Work to complete
Please return every record exactly, with no pictures included.

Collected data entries
■ ■ ■ ■ ■
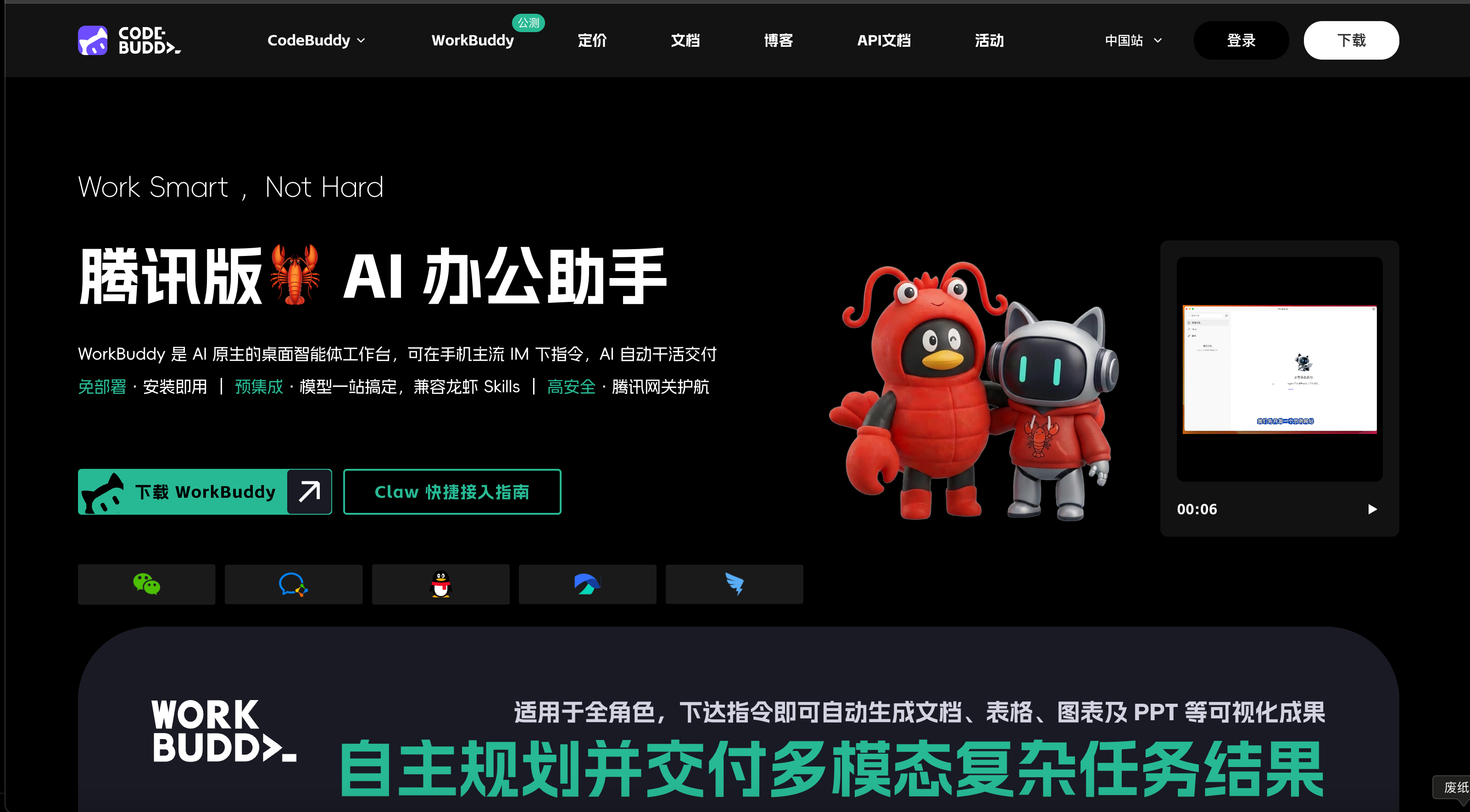 腾讯的WorkBuddy作为AI原生的桌面智能体工作台,是对接OpenClaw生态Skills的核心载体,首先我们需完成工具的安装与登录操作,具体的下载渠道,大家去【WorkBuddy官网下载】https://www.codebuddy.cn/work/ ,请大家根据自身操作系统(Windows/Mac)下载对应安装包。
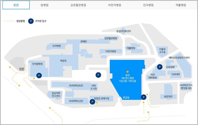 세브란스병원을 내원하시는 분들을 위해 주차 안내, 주차 요금 및 정산 안내, 오시는 길 등을 자세하게 안내하고 있습니다.
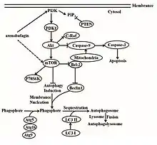 Besides its effects on the Na+-K+ pump, arenobufagin also has some other effects on cells, which were discovered in experiment with cancer cell lines. It causes apoptosis by tempering with mitochondria. In cells treated with it, a decreasing mitochondrial potential was detected (in a dose-dependent manner), as well as a high Bax/Bcl-2 ratio, which is associated with apoptosis, or programmed cell death. Bax translocation from cytosol to mitochondria was also found to be increased. In addition to these effects, arenobufagin also induces morphological changes in organelles, blebbing of plasma membrane, shrinkage of nuclear membrane and chromatin condensation. These observation also indicate the occurrence of apoptosis. Last but not least, specific cleavage of poly (ADP-ribose) polymerase (PARP) and a decrease in pro-caspase9 and 3 were also induced by arenobufagin treatment. PARP is mainly involved in cell repair and programmed cell death. After treatment with arenobufagin, some cells make more autophagosomes and lysosomes, whereas other cells undergo apoptosis. Arenobufagin also leads to increased expression of LC3-II, Biclin1(initial vesicle formation), Atg5 (elongation and completion), Atg9, Atg16L1 and p62/SQSTM1, all proteins which induce autophagy. Blockers of autophagy increase the cytotoxic effect of arenobufagin. Addition of 3-MA increases the proportion of cells in which there in enlarged PARP cleavage and limited caspase-9 and caspase-3 cleavage. This indicates that autophagy pathways protect the cell against apoptosis by arenobufagin. It was hypothesized that arenobufagin may inhibit the PI3K/Akt pathway in controlling cell death and differentiation in response to external stimuli. It was found that arenobufagin inhibited the proteins Akt, PDK1 and PI3K, whereas it stimulated the PHEN-protein. It does this by altering the degree of phosphorylation. All these proteins are involved in the PI3/Akt pathway. Further down the pathway, arenobufagin indirectly inhibits the mTOR-protein, which is involved in apoptosis as well as in autophagy.[8]
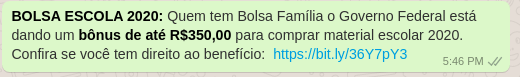 Golpe disseminado no WhatsApp promete material escolar para beneficiários do programa Bolsa Família
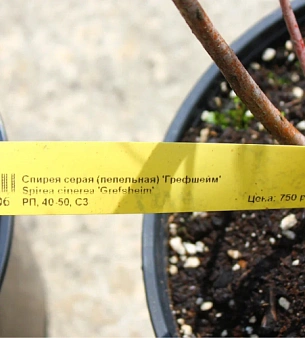 Спирея серая (пепельная) «Грефшейм«» высотой до 2 метров. Цветёт с мая по конец июня белыми в соцветиях цветами. Цветёт обильно, за цветами весной не видно листьев. В это время куст напоминает белое облако. Любит свет, но спокойно выносит полутень, морозоустойчива. В питомнике можно купить оптом.
■ ■ ■ ■ ■
Exercise response
 腾讯的WorkBuddy作为AI原生的桌面智能体工作台,是对接OpenClaw生态Skills的核心载体,首先我们需完成工具的安装与登录操作,具体的下载渠道,大家去【WorkBuddy官网下载】https://www.codebuddy.cn/work/ ,请大家根据自身操作系统(Windows/Mac)下载对应安装包。
 세브란스병원을 내원하시는 분들을 위해 주차 안내, 주차 요금 및 정산 안내, 오시는 길 등을 자세하게 안내하고 있습니다.
 Besides its effects on the Na+-K+ pump, arenobufagin also has some other effects on cells, which were discovered in experiment with cancer cell lines. It causes apoptosis by tempering with mitochondria. In cells treated with it, a decreasing mitochondrial potential was detected (in a dose-dependent manner), as well as a high Bax/Bcl-2 ratio, which is associated with apoptosis, or programmed cell death. Bax translocation from cytosol to mitochondria was also found to be increased. In addition to these effects, arenobufagin also induces morphological changes in organelles, blebbing of plasma membrane, shrinkage of nuclear membrane and chromatin condensation. These observation also indicate the occurrence of apoptosis. Last but not least, specific cleavage of poly (ADP-ribose) polymerase (PARP) and a decrease in pro-caspase9 and 3 were also induced by arenobufagin treatment. PARP is mainly involved in cell repair and programmed cell death. After treatment with arenobufagin, some cells make more autophagosomes and lysosomes, whereas other cells undergo apoptosis. Arenobufagin also leads to increased expression of LC3-II, Biclin1(initial vesicle formation), Atg5 (elongation and completion), Atg9, Atg16L1 and p62/SQSTM1, all proteins which induce autophagy. Blockers of autophagy increase the cytotoxic effect of arenobufagin. Addition of 3-MA increases the proportion of cells in which there in enlarged PARP cleavage and limited caspase-9 and caspase-3 cleavage. This indicates that autophagy pathways protect the cell against apoptosis by arenobufagin. It was hypothesized that arenobufagin may inhibit the PI3K/Akt pathway in controlling cell death and differentiation in response to external stimuli. It was found that arenobufagin inhibited the proteins Akt, PDK1 and PI3K, whereas it stimulated the PHEN-protein. It does this by altering the degree of phosphorylation. All these proteins are involved in the PI3/Akt pathway. Further down the pathway, arenobufagin indirectly inhibits the mTOR-protein, which is involved in apoptosis as well as in autophagy.[8]
 Golpe disseminado no WhatsApp promete material escolar para beneficiários do programa Bolsa Família
 Спирея серая (пепельная) «Грефшейм«» высотой до 2 метров. Цветёт с мая по конец июня белыми в соцветиях цветами. Цветёт обильно, за цветами весной не видно листьев. В это время куст напоминает белое облако. Любит свет, но спокойно выносит полутень, морозоустойчива. В питомнике можно купить оптом.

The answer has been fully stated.